→ **Exercise details**:
For this exercise, the lines from the one with "Необычное дерево-подставка для" through the end of the material below must be output exactly, without pictures.

→ **Provided material**:
_ _ _ _

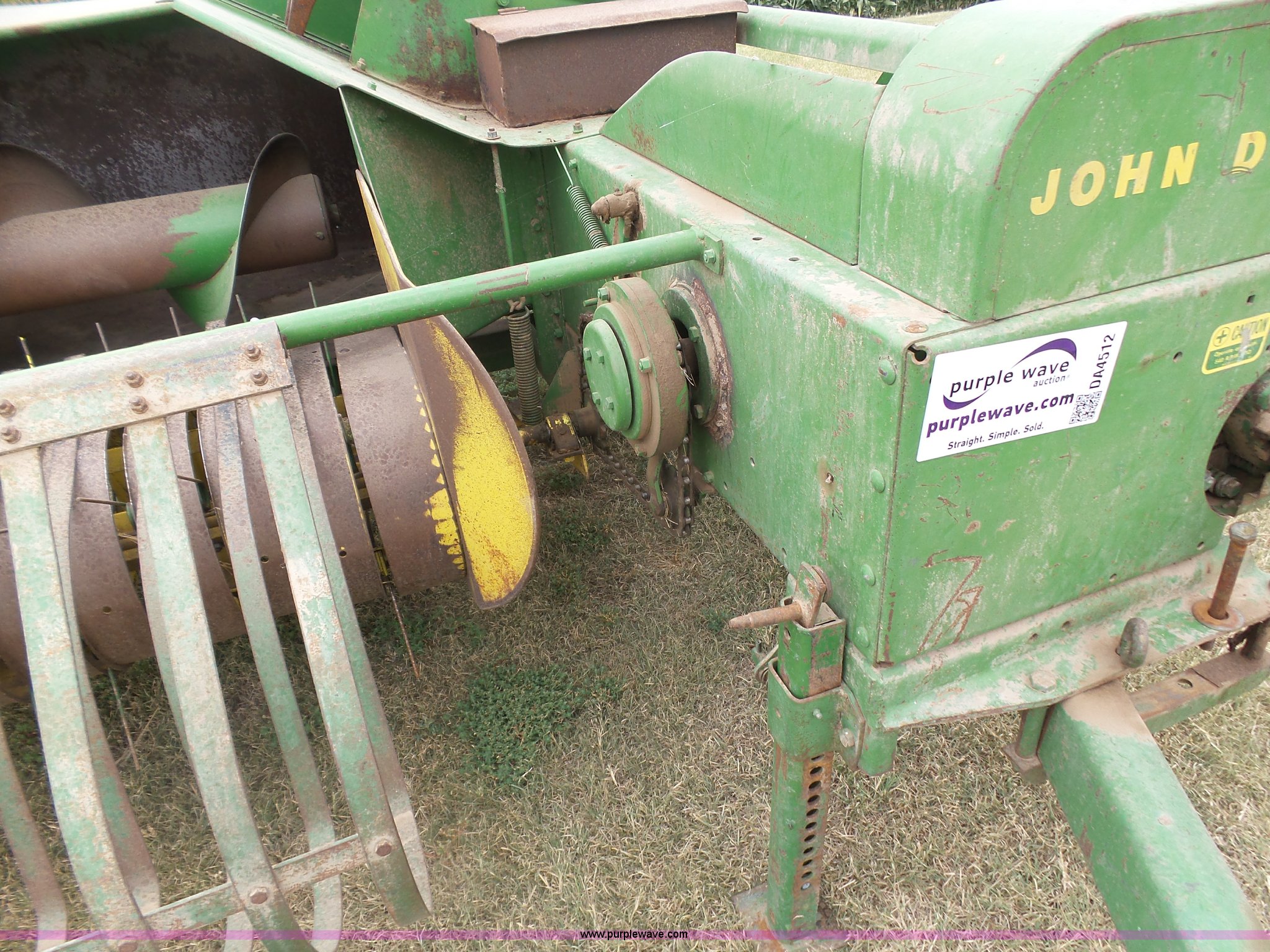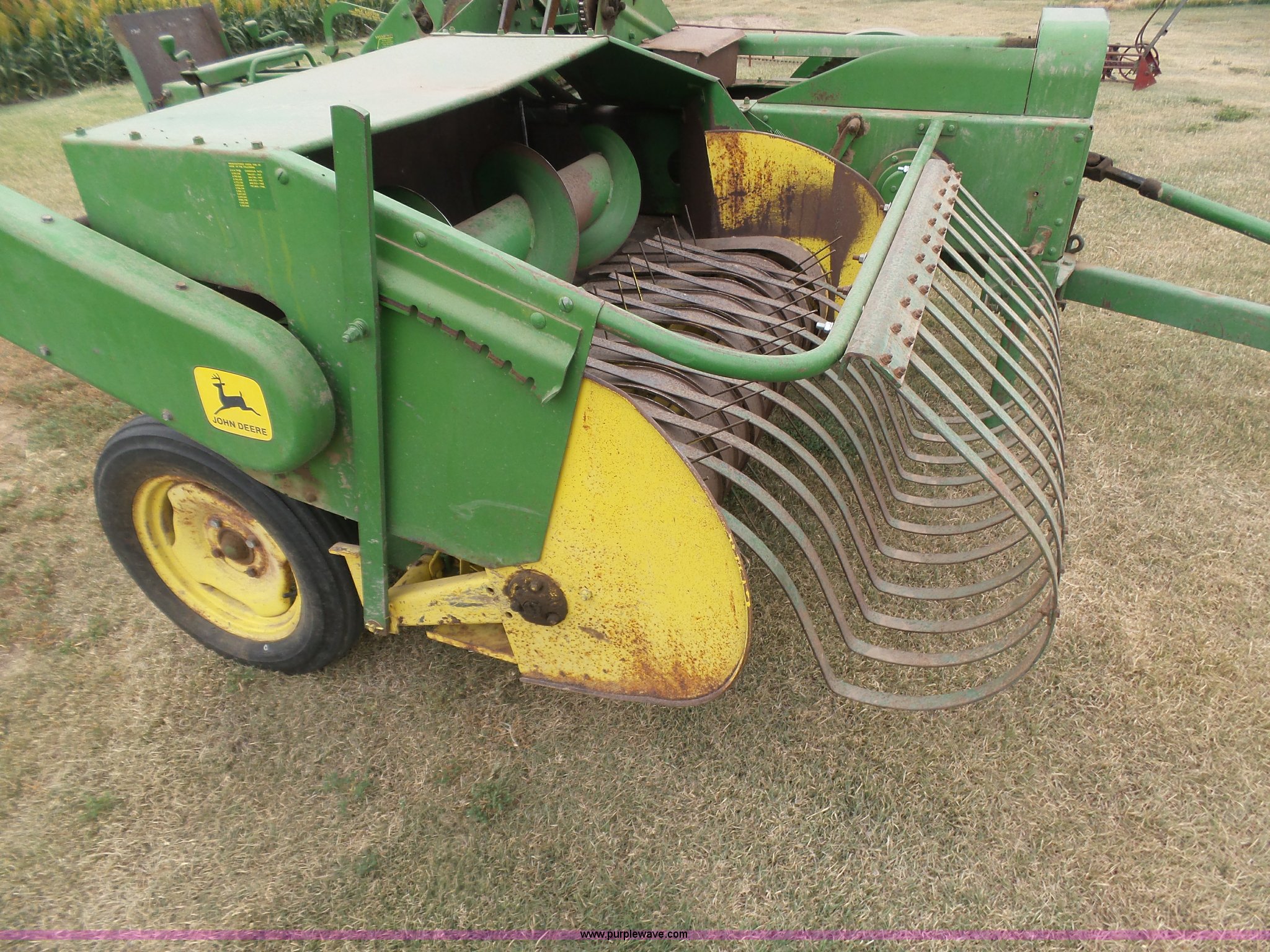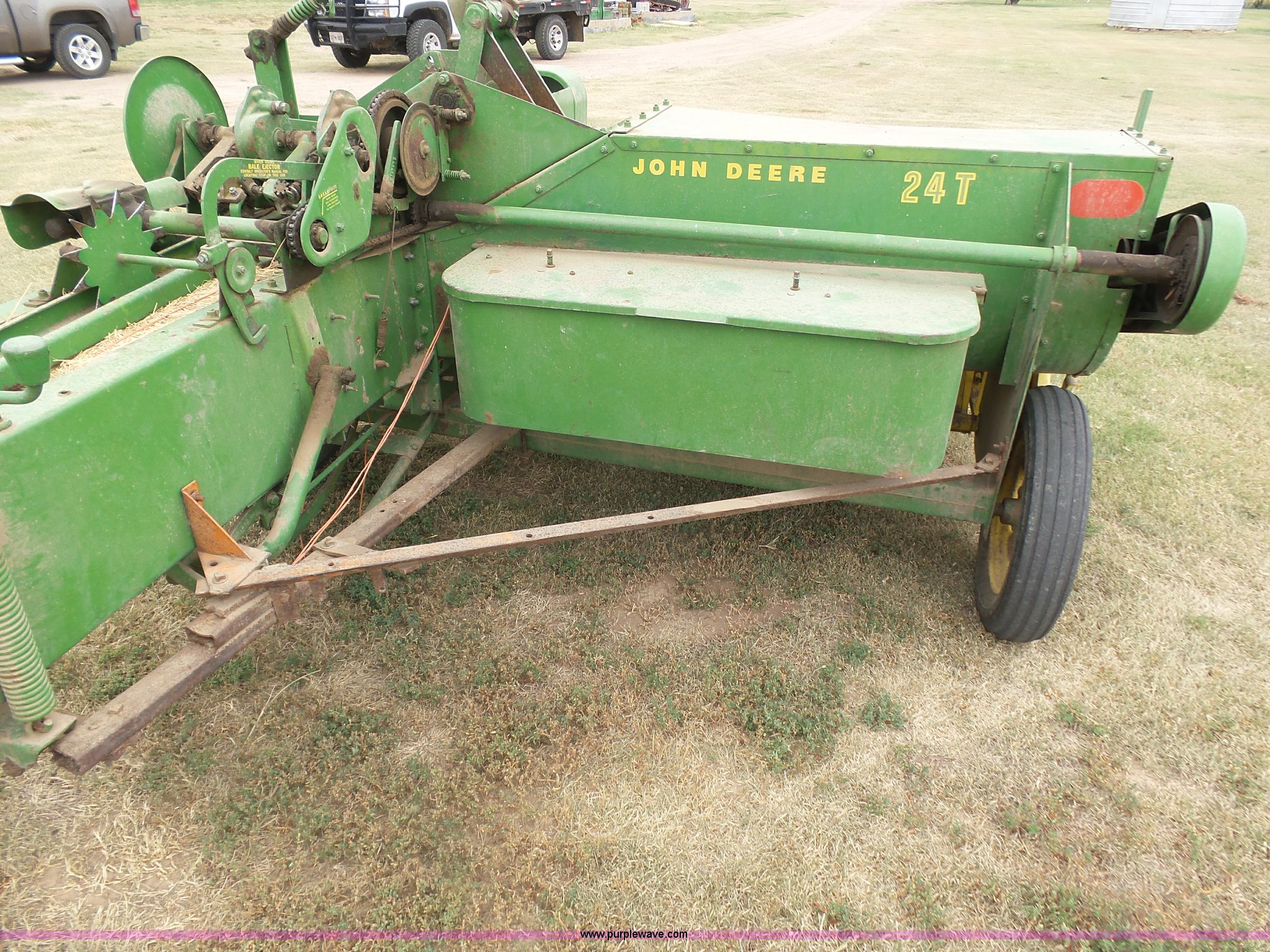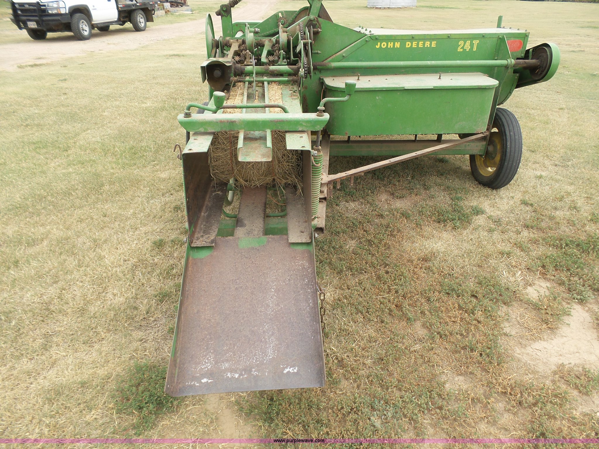 Purple Wave is selling a used Square Baler in Kansas. This item is a John Deere 24T small square baler with the following: 14" x 18" bale capacity, 52"W pickup, (2) knotters, Twine tie, Bale chute, 540 PTO, Pin hitch, 6.70-15 left side tire, 5.00-15 right side tire, Type E0024, Operator's manual, Stored inside, Serial 056144E
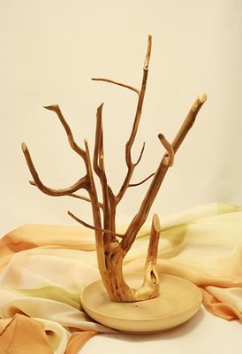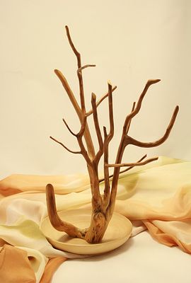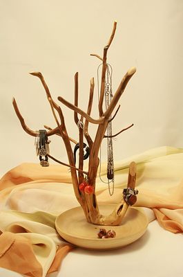 Необычное дерево-подставка для украшений или мелочей. Может быть прекрасным - оригинальным и уникальным - подарком. Каждое дерево неповторимо. Может использоваться как элемент декора интерьера. Дерево - можжевельник, обработана воском, подставка тарелочка. Украшения не продаются
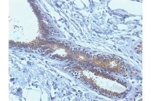Known Application: Immunohistochemistry (Formalin-fixed) (2-5 μg/mL for 60 minutes at RT)(Staining of formalin-fixed tissues is enhanced by boiling tissue sections in 10 mM Citrate Buffer, pH 6.0, for 10-20 min followed by cooling at RT for 20 minutes)Optimal dilution for a specific application should be determined.

_ _ _ _

→ **Answer to the problem**:
 Необычное дерево-подставка для украшений или мелочей. Может быть прекрасным - оригинальным и уникальным - подарком. Каждое дерево неповторимо. Может использоваться как элемент декора интерьера. Дерево - можжевельник, обработана воском, подставка тарелочка. Украшения не продаются
Known Application: Immunohistochemistry (Formalin-fixed) (2-5 μg/mL for 60 minutes at RT)(Staining of formalin-fixed tissues is enhanced by boiling tissue sections in 10 mM Citrate Buffer, pH 6.0, for 10-20 min followed by cooling at RT for 20 minutes)Optimal dilution for a specific application should be determined.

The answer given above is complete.